SK Telecom and SK Biopharm have discovered early-stage effective compounds that could be used to develop targeted therapies for hard-to-treat cancers using AI.
SK Telecom said on Tuesday it jointly researched with SK Biopharm to generate and select binder candidates that can bind to ROR1, a protein on the surface of cancer cells, and confirmed 2 early-stage effective compounds through laboratory validation.
An effective compound is a substance shown in tests to bind effectively to a target. A binder is a substance designed to attach to a specific target such as cancer cells. ROR1 is a tumour-related cell surface protein produced in large amounts in various blood cancers and solid tumours. It is drawing attention in the development of targeted anticancer therapies because it appears more in some cancer types than in normal cells.
In the study, SK Biopharm established a strategy to discover new binders based on its drug development experience. SKT used AI to generate a large number of binder candidates and analysed the likelihood of binding with ROR1 to select targets for laboratory validation.
Research to find new molecular structures often has limits in exploring diverse candidates because there is frequently not enough data for AI to learn from. SKT applied machine learning technology that combines and expresses protein fragments in various ways to address this.
It also used reinforcement learning. It made AI give higher rewards to combinations with greater structural stability so it could search for optimal new binder structures.
At the selection stage, it used graphics processing unit, or GPU, resources to process multiple binder candidates in parallel. It then used an AI model to predict the binding structure between ROR1 and each candidate and the likelihood of actual binding, narrowing down targets for laboratory validation.

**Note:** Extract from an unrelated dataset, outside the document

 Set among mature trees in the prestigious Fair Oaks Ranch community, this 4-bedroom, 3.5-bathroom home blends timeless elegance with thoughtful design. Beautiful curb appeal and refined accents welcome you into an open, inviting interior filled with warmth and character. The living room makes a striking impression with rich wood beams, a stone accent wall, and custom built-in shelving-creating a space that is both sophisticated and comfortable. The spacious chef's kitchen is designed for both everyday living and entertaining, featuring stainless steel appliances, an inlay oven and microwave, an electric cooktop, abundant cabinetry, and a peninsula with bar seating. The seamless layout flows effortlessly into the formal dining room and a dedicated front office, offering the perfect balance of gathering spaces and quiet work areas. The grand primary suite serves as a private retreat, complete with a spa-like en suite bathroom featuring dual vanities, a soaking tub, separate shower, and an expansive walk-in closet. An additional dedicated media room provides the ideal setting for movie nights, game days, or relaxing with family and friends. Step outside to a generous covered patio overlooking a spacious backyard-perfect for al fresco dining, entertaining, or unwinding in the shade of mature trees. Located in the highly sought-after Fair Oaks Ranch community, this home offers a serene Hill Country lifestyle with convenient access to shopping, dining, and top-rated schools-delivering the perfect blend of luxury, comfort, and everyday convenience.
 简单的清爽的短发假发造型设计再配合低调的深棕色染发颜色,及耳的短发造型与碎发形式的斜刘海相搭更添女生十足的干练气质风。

The two companies completed the study in about 5 months. They cut by more than 60 percent the early-stage research period for drug development that typically took 1 to 2 years under SK Biopharm's existing approach. SKT assessed the study as showing the possibility of reducing the time and cost needed in the early stage of drug development using AI.
Dong-yeon Jo (조동연), head of AI Convergence at SKT, said, "Based on this achievement, we are also reviewing ways to expand the scope of technology cooperation across bio AI, including developing a bio-specialised large language model (LLM) using our proprietary AI foundation model."